Even with a remote disaster recovery site, there are still many issues to consider. The remote site is usually not in use during normal production hours and is a cost center until it is used as a recovery center. You must determine, for example, whether you want the exact system as the primary site or whether you can do with reduced performance during an emergency. You must decide whether you can afford to lose some data in an emergency or whether you need all of the most current data when bringing the systems online at the remote site. You must also consider how current the data must be and how much you are willing to pay for it. In this article, I will discuss various data-replication techniques and their associated advantages and disadvantages. I will also describe costs associated with these techniques and describe cases where it might be justifiable for them to be implemented. I will also describe an installation of one of these techniques, using IBM's HAGEO product to replicate data in real-time to a remote site.

Before I get into the data-mirroring techniques, I will explain the types of data that clients usually mirror. There are three basic types of data that are usually required to run a customer application: operating system data, database data, and non-database application data. Operating system data consists of the programs and files needed to run the operating system such as IBM's AIX. Database data is the actual data contained in a client's application typically using a database manager, such as Oracle, Sybase, or Informix. Non-database data is the client application's executables, configurations files, etc. needed to run the application (such as Oracle Financials, SAP, or PeopleSoft).

A system backup is typically used to backup and replicate the operating system data, so this will not be covered in this article. I will discuss only techniques to mirror database data and non-database application data.

Remote Data Mirroring Techniques

System Tools

Historically, data has been mirrored to a remote location using operating system tools such as ftp, rcp, uucp, etc.

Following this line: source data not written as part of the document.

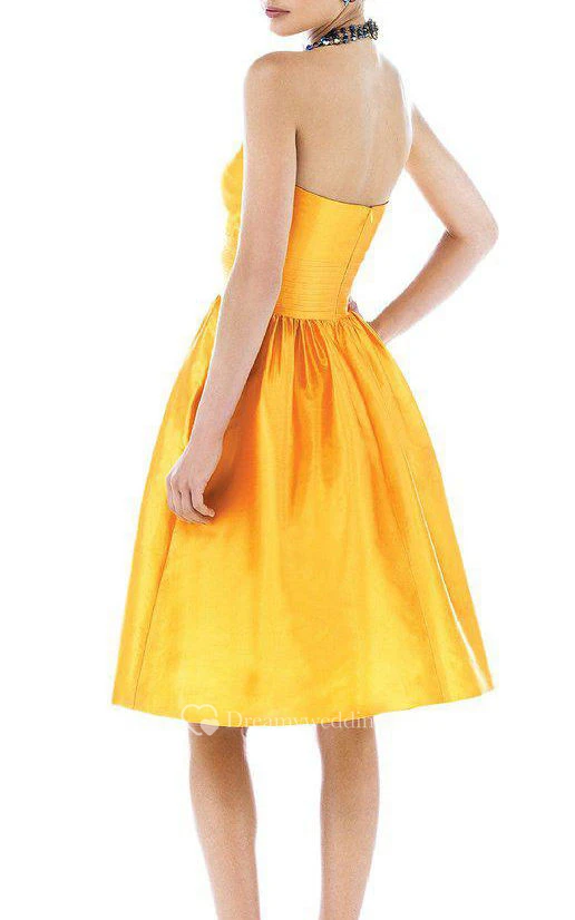 Vintage A-line Pleated Short Satin Dress
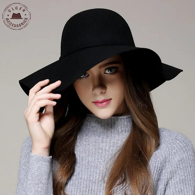 Fashion Winter Fedora Hats for Women Hat Vintage Bowler Jazz Top Cap Felt Wide Brim Floppy Sun Beach Cashmere Church Caps
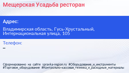 Мещерская Усадьба, ресторан по адресу Владимирская область, Гусь-Хрустальный, Интернациональная улица, 105 в дальнейшем Организация, размещена в следующих категориях:

These tools have distinct advantages in that they are available with the operating system, easy to use, and very reliable.

Typically, a system backup is used to replicate a system at a remote location. An initial database backup is created and restored at the remote location. From this point on, the only things that need to be sent to the remote location are the database archive logs and any changed application executable or configuration file. By sending only the database logs to the remote location and then using the database to "play the logs" forward, the database at the remote location can be kept consistent but will always be behind the primary site. In other words, we send changes to the database to the remote location, but the most current changes are not sent.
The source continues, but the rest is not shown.